# fibafuse banjo



## icerock drywall (Nov 13, 2010)

working on my auto feed mud banjo with fibafuse tape holder to keep the fiba from getting my lungs.


----------



## Kiwiman (Jun 14, 2008)

:thumbup:


----------



## Sir Mixalot (Jan 7, 2008)

Good one Ice! :clap:


----------



## machinemud (Jul 21, 2010)

icerock drywall said:


> working on my auto feed mud banjo with fibafuse tape holder to keep the fiba from getting my lungs.


That is cool ice ! Try to create an auto-cutter for the homax !


----------



## icerock drywall (Nov 13, 2010)

the end cap...time for the welder


----------



## Kiwiman (Jun 14, 2008)

Careful not to make it too heavy Ice.


----------



## icerock drywall (Nov 13, 2010)

Kiwiman said:


> Careful not to make it too heavy Ice.


its not...thanks


----------



## icerock drywall (Nov 13, 2010)

this one is my dry bango...but my new one will do both


----------



## icerock drywall (Nov 13, 2010)

machinemud said:


> That is cool ice ! Try to create an auto-cutter for the homax !


I will work on that ...:yes:


----------



## icerock drywall (Nov 13, 2010)

if this could hold mud and a roll of tape


----------



## icerock drywall (Nov 13, 2010)

when I dry tape I run a LITTLE water in my banjo...keeps fibas wet...

I think its time to play:yes:


----------



## icerock drywall (Nov 13, 2010)

Kiwiman said:


> Careful not to make it too heavy Ice.


its made from thin aluminium:yes:


----------



## icerock drywall (Nov 13, 2010)

bad news ...the ff is so strong it cut a hole in the banjo there the tape comes outlooks like I need to make a new one and scrap the homex the plastic cover.


----------



## Kiwiman (Jun 14, 2008)

icerock drywall said:


> bad news ...the ff is so strong it cut a hole in the banjo there the tape comes outlooks like I need to make a new one and scrap the homex the plastic cover.

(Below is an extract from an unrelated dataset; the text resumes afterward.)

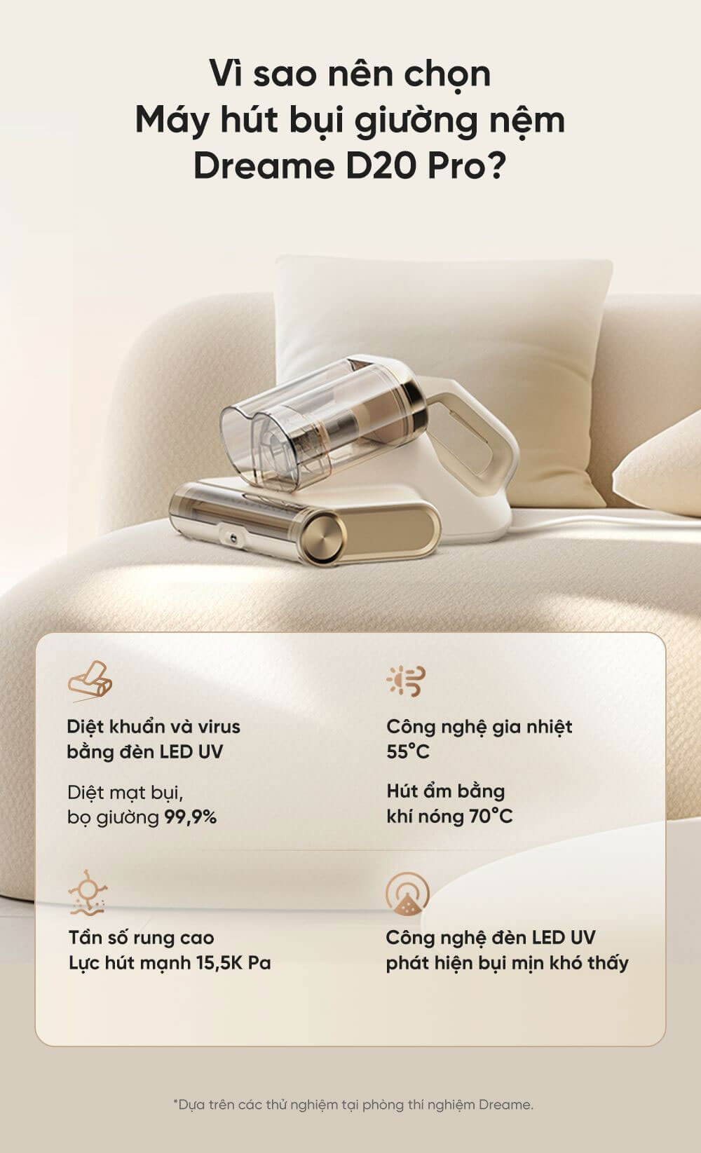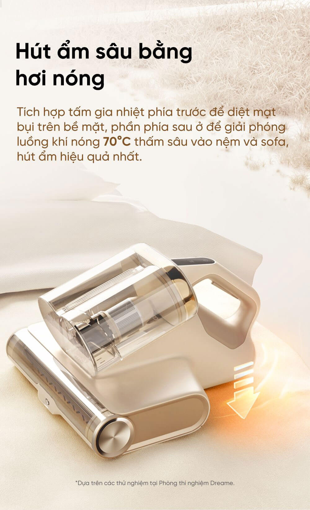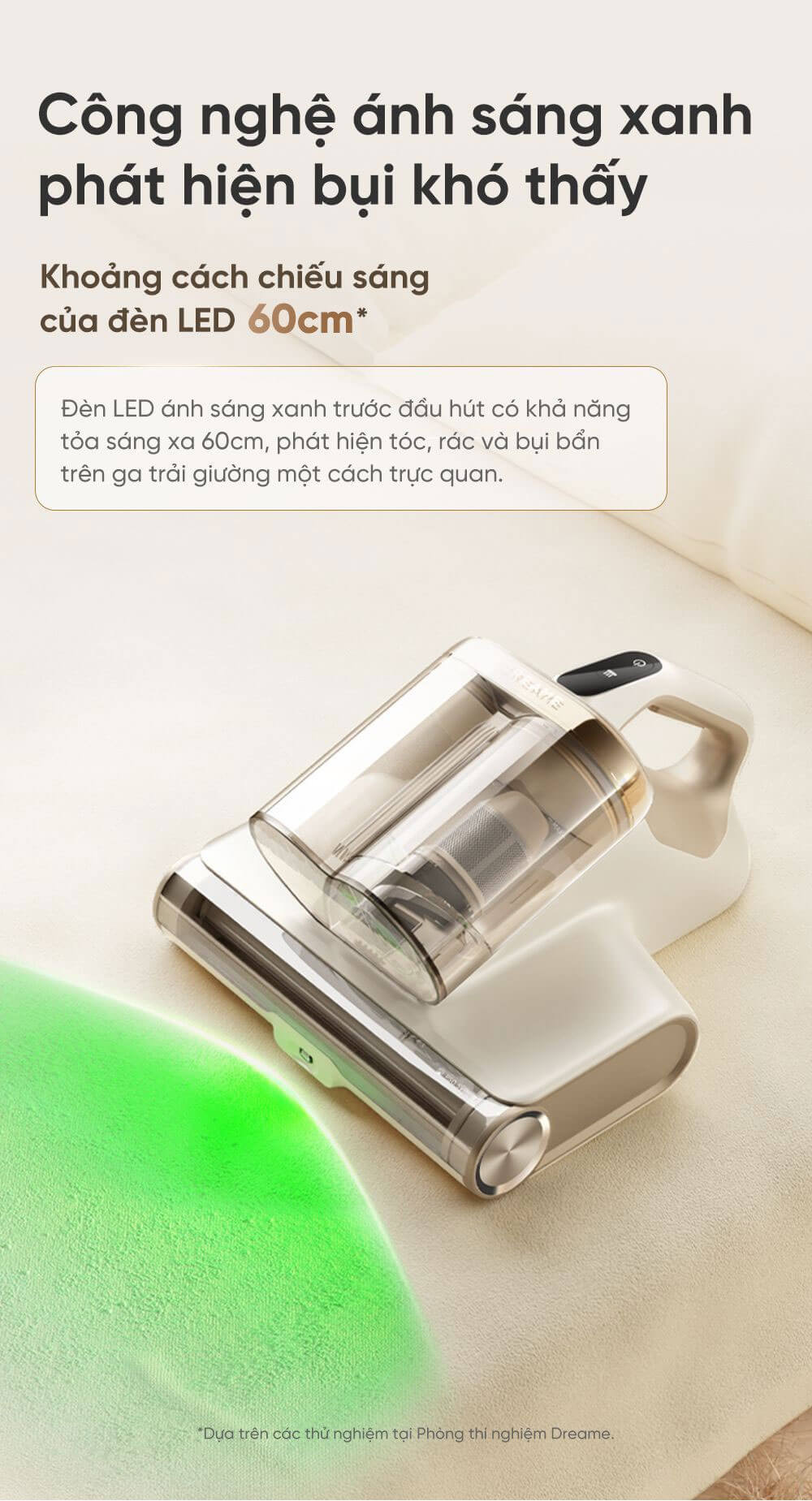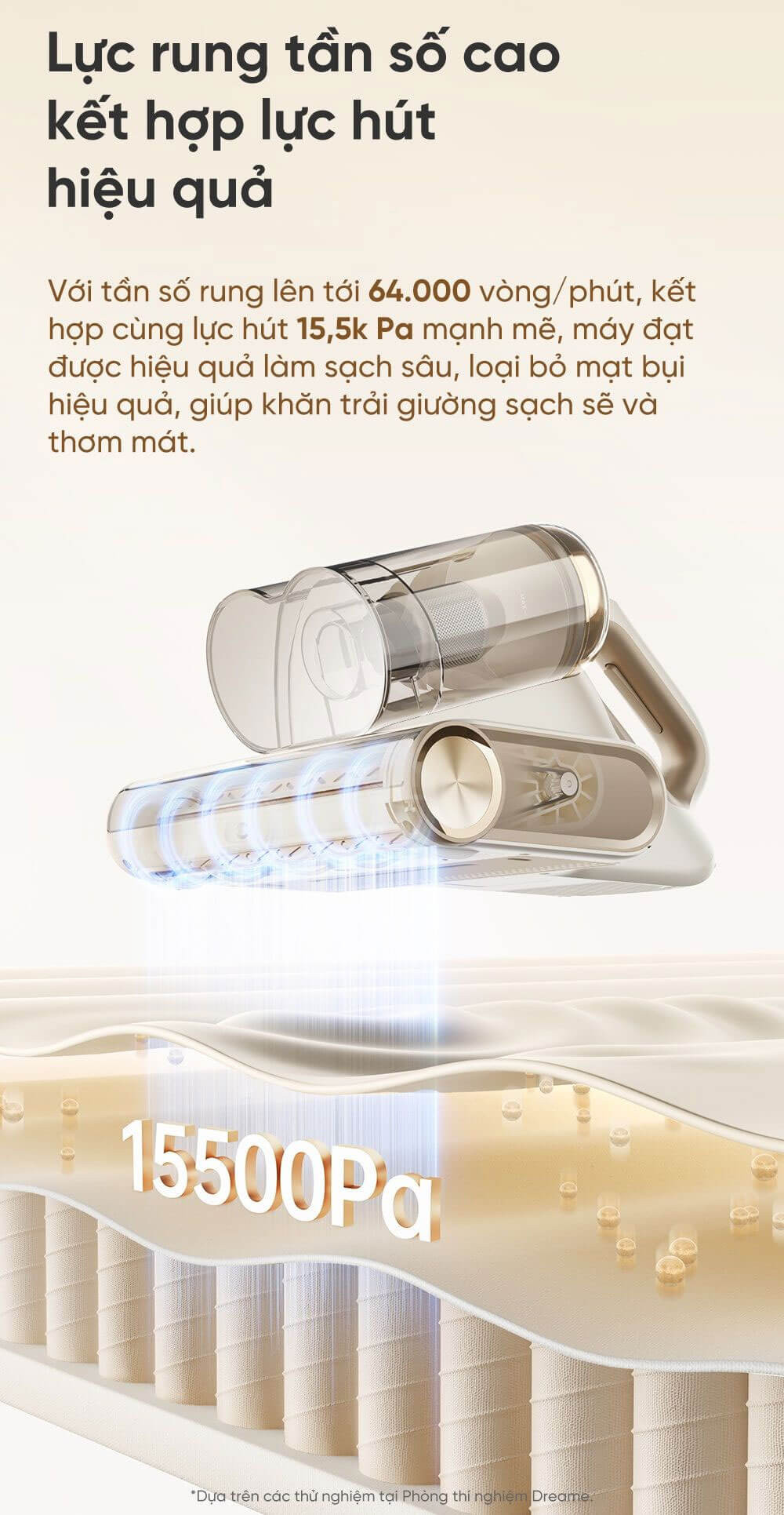 - Lực hút mạnh 15,5k Pa, lực rung tần số cao 64.000 BPM: hút sạch rác, bụi mịn khó thấy từ sâu bên dưới nệm

It's taking a long time to cut through my aluminium banjo Ice so maybe try putting a protective strip of metal where it's cutting the homax.


----------



## icerock drywall (Nov 13, 2010)

Kiwiman said:


> It's taking a long time to cut through my aluminium banjo Ice so maybe try putting a protective strip of metal where it's cutting the homax.


I will be doing that ...thanks. I think I need to make it so I can replace it. also need to find some new gloves...that ff is some crazy stuff.


----------



## intersound2005 (Dec 8, 2013)

I ran a whole roll of ff through my homax and it kept bunching up and wanting to tear coming out. I like the stuff but wont try angles with it again.


----------



## icerock drywall (Nov 13, 2010)

intersound2005 said:


> I ran a whole roll of ff through my homax and it kept bunching up and wanting to tear coming out. I like the stuff but wont try angles with it again.


you need to change your tip...start off with the black spacer and sand it down it cuts the ff...here is what my tip looks like


----------